Регельсон Лев Львович
 православный христианин
|
На рубеже ХХ века почти одновременно создаются три
литературных
произведения, оказавшие глубокое влияние на формирование
современного христианского сознания. Эти сочинения: «Поэма о
Великом Инквизиторе» Федора Достоевского, «Легенда об Антихристе»
Владимира Соловьева и «Протоколы Сионских мудрецов», автором
которых, как убедительно доказано, является сотрудник тайной
полиции Петр Рачковский. При всем различии движущих мотивов
их авторов, при всем несходстве эмоциональных акцентов, эти
произведения фактически дополняют друг друга, создавая яркий и
целостный образ мирового зла, стремящегося воплотить себя в
реальной истории.
Однако трагический опыт ХХ века, приоткрывший новые
глубины этого зла, вынуждает нас критически пересмотреть этот
образ Антихриста, уже ставший привычным и как бы «каноническим».

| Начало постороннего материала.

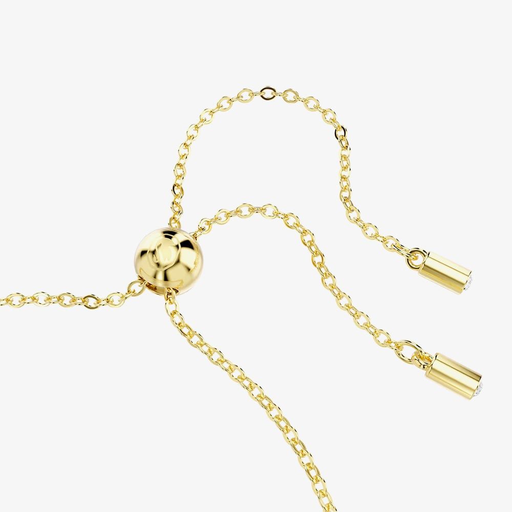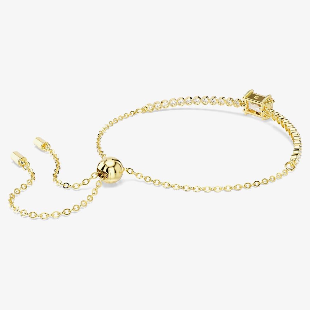 Elevate your everyday style with this gold-tone plated tennis bracelet, featuring a sleek, adjustable sliding clasp for a perfect fit. The design showcases a continuous row of brilliant Swarovski Zirconia, highlighted by a striking baguette-cut caramel Swarovski Zirconia at the centre. A refined blend of classic elegance and modern charm.

Кратко рассмотрим три грани этого образа, обрисованные в
упомянутых сочинениях.
Достоевский – знаток человеческой души, глубоко заглянувший в
ее бездны: с гениальным мастерством он вывел на свет то, от чего
с ужасом отшатывается наше дневное сознание: извращенные желания,
преступные импульсы, иррациональные страхи. Именно на манипуляции
этими темными началами построил свою власть над чело-веком Великий
Инквизитор. Достоевский изображает его таким же проникновенным
психологом, каким был он сам. Но Достоевский видел свою миссию
в том, чтобы внести Божественный свет в недра подсознания.
Инквизитор, напротив, хочет навсегда оставить человека таким,
какой он есть, не допуская возможности его духовного роста.
Как трезвый реалист и заботливый отец, он принимает на себя
бремя ответственности за пороки и преступления своих неразумных
и слабых детей. Здесь он явно пародирует Иисуса Христа,
который «взял на Себя наши болезни и понес наши грехи».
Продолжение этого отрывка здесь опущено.